Risks and counterarguments

  • Valuation risk - P/S and P/B are extremely elevated. Any earnings or cash-flow disappointment could trigger a large drawdown because expectations are priced for perfection.
  • Execution risk - Rocket Lab is still scaling Neutron and other programs; launch delays, failed tests or production bottlenecks would crush sentiment quickly.
  • Market rotation risk - If the SpaceX IPO diverts capital to the IPO itself and into the big-name winners, smaller names could be sold into — a sentiment flip could erase gains.
  • Macro & rates - Rising long-term yields or a risk-off environment (recall a prior day where 30-year yields spiked) can pull risk assets lower, irrespective of company-specific news.
  • Short-squeeze dynamics - While short interest is not extreme on a days-to-cover basis, elevated short-volume means volatile intraday swings that can work against traders using wide stops or the wrong sizing.

Counterargument: critics will say Rocket Lab is priced for years of flawless execution and broad market support. That’s valid. If you believe the market will refocus on fundamentals and punish overvalued, negative-cash-flow companies quickly, then RKLB is a long-term avoid.

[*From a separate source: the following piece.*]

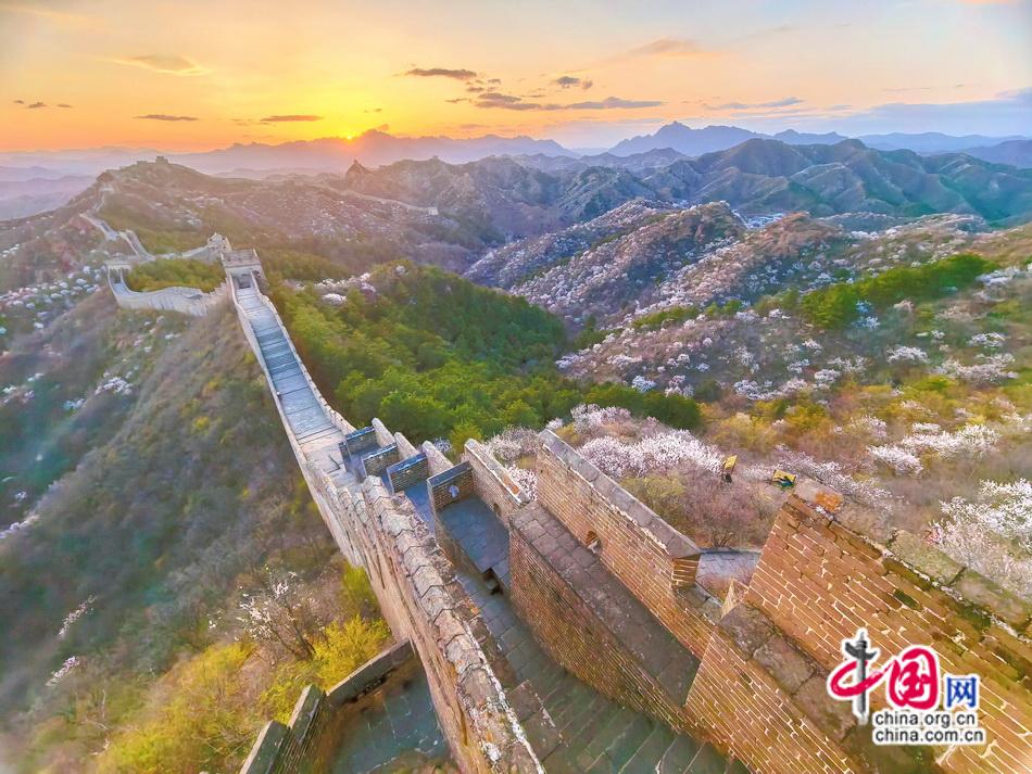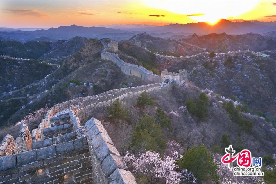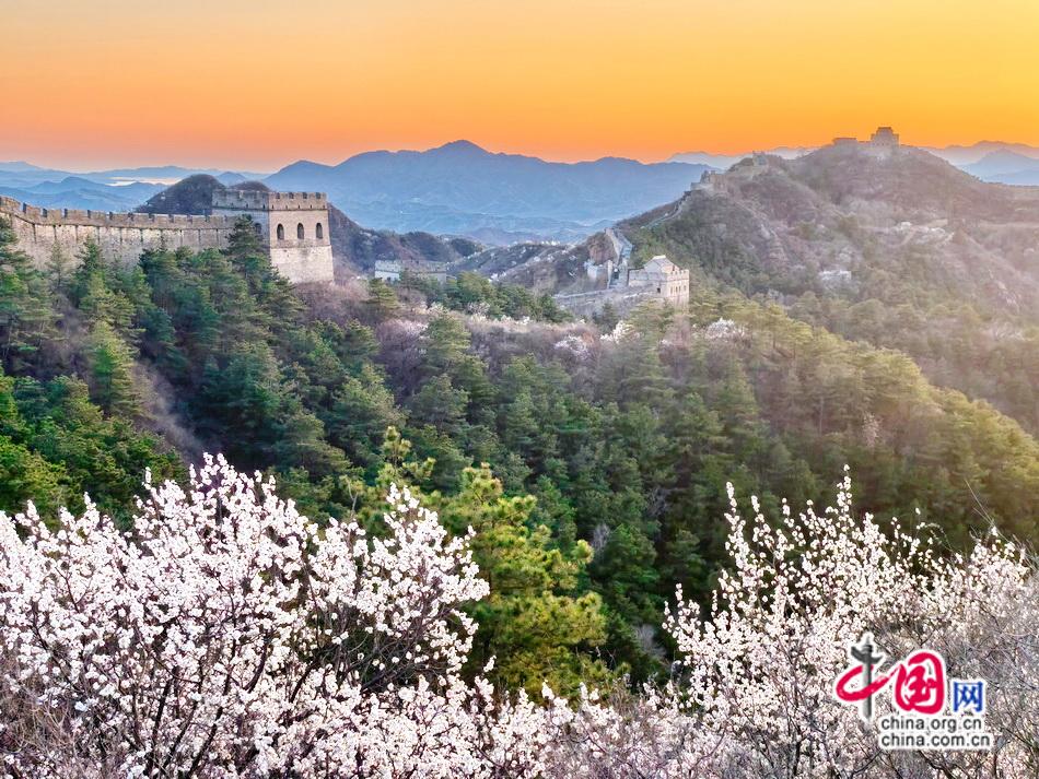 当春风掠过金山岭,绵延百里的杏林骤然苏醒。

This trade is explicitly not a long-term fundamental bet — it is a timing play around sector momentum. If you want a fundamental, multi-year investment, you should demand sustained profitability and lower multiples before committing for the long haul.

What would change my mind

I will abandon this trade and flip to neutral/bear if any of the following occur: an announced significant launch failure or major Neutron setback; quarterly results that miss backlog/revenue commentary or cut guidance; heavy distribution with volume above recent averages that pushes price below $110; or the SpaceX IPO triggers a rotation that visibly reallocates away from smaller space names. Conversely, a confirmed successful Neutron milestone, materially upgraded guidance or a demonstrable widening of institutional ownership would make me more positive and could justify raising the target.

Conclusion

Rocket Lab sits at a unique intersection: real operational progress (backlog growth, revenue acceleration) and a market environment that is primed to re-rate space stocks as SpaceX goes public. That combination creates a defined-risk, high-upside swing trade. Enter at $129.62 with a stop at $110 and a primary target of $170 over roughly 45 trading days. Be disciplined: the tailwinds are strong, but the valuation leaves little margin for execution error.

Trade plan summary: Long RKLB at $129.62, stop $110.00, target $170.00, horizon: mid term (45 trading days).

Risks

  • Extremely elevated valuation metrics mean any execution miss could trigger a large sell-off.
  • Launch or manufacturing setbacks (Neutron or other programs) would likely collapse sentiment.
  • Sector rotation after the SpaceX IPO could reallocate flows away from smaller names like Rocket Lab.
  • Macro shocks or a sharp rise in yields can compress multiples across tech and growth names.